Exercise goal
Below is a listing to copy exactly; no image goes into the copy.

Collected data
- Opening Delimiter -
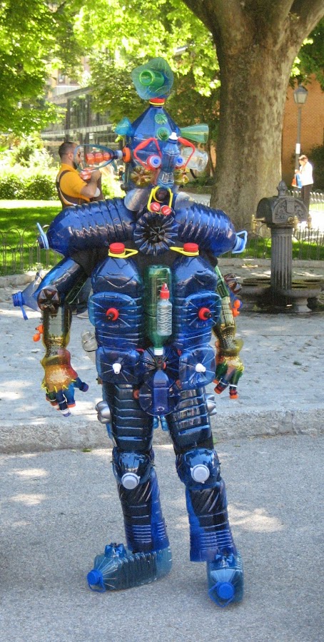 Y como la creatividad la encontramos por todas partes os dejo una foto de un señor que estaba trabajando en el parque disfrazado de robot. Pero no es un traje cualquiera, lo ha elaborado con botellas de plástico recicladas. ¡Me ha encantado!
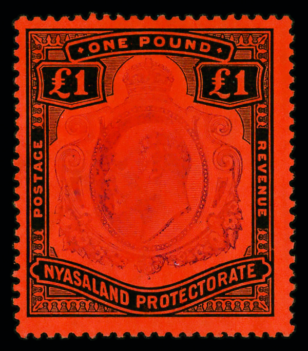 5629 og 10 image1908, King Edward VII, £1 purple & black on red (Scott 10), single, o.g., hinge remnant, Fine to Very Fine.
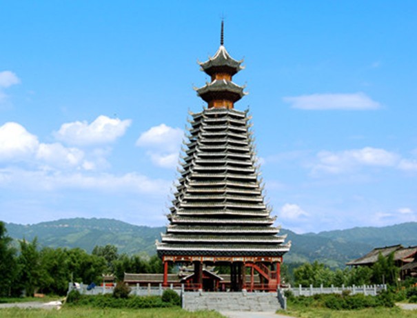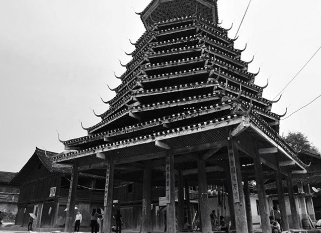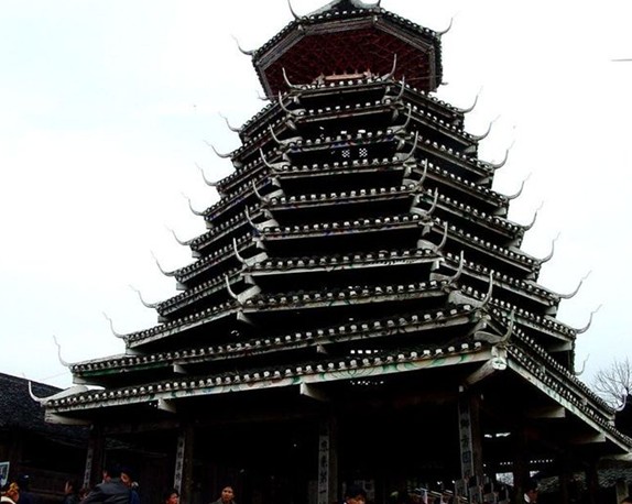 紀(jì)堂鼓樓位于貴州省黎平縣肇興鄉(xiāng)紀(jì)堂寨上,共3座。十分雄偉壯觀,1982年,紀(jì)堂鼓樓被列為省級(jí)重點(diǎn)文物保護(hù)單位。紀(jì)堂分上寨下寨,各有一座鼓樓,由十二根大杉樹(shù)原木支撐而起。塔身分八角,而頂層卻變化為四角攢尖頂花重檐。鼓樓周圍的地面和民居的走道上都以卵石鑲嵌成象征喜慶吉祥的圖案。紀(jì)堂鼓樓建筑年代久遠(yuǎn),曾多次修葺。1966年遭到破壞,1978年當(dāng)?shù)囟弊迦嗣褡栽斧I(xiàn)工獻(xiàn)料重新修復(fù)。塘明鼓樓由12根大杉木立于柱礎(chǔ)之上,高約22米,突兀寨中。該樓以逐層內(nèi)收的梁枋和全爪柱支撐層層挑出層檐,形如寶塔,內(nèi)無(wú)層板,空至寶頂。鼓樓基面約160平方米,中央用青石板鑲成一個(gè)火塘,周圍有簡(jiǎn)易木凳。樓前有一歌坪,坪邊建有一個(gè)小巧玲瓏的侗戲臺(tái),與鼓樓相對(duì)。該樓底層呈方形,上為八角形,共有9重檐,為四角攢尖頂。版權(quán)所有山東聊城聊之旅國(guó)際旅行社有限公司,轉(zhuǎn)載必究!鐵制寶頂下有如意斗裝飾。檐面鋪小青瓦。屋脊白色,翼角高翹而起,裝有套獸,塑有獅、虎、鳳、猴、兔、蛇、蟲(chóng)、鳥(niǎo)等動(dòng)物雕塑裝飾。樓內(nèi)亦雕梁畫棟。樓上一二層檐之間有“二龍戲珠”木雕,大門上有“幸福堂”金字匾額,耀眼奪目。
- Closing Delimiter -
Response to the task
 Y como la creatividad la encontramos por todas partes os dejo una foto de un señor que estaba trabajando en el parque disfrazado de robot. Pero no es un traje cualquiera, lo ha elaborado con botellas de plástico recicladas. ¡Me ha encantado!
 5629 og 10 image1908, King Edward VII, £1 purple & black on red (Scott 10), single, o.g., hinge remnant, Fine to Very Fine.
 紀(jì)堂鼓樓位于貴州省黎平縣肇興鄉(xiāng)紀(jì)堂寨上,共3座。十分雄偉壯觀,1982年,紀(jì)堂鼓樓被列為省級(jí)重點(diǎn)文物保護(hù)單位。紀(jì)堂分上寨下寨,各有一座鼓樓,由十二根大杉樹(shù)原木支撐而起。塔身分八角,而頂層卻變化為四角攢尖頂花重檐。鼓樓周圍的地面和民居的走道上都以卵石鑲嵌成象征喜慶吉祥的圖案。紀(jì)堂鼓樓建筑年代久遠(yuǎn),曾多次修葺。1966年遭到破壞,1978年當(dāng)?shù)囟弊迦嗣褡栽斧I(xiàn)工獻(xiàn)料重新修復(fù)。塘明鼓樓由12根大杉木立于柱礎(chǔ)之上,高約22米,突兀寨中。該樓以逐層內(nèi)收的梁枋和全爪柱支撐層層挑出層檐,形如寶塔,內(nèi)無(wú)層板,空至寶頂。鼓樓基面約160平方米,中央用青石板鑲成一個(gè)火塘,周圍有簡(jiǎn)易木凳。樓前有一歌坪,坪邊建有一個(gè)小巧玲瓏的侗戲臺(tái),與鼓樓相對(duì)。該樓底層呈方形,上為八角形,共有9重檐,為四角攢尖頂。版權(quán)所有山東聊城聊之旅國(guó)際旅行社有限公司,轉(zhuǎn)載必究!鐵制寶頂下有如意斗裝飾。檐面鋪小青瓦。屋脊白色,翼角高翹而起,裝有套獸,塑有獅、虎、鳳、猴、兔、蛇、蟲(chóng)、鳥(niǎo)等動(dòng)物雕塑裝飾。樓內(nèi)亦雕梁畫棟。樓上一二層檐之間有“二龍戲珠”木雕,大門上有“幸福堂”金字匾額,耀眼奪目。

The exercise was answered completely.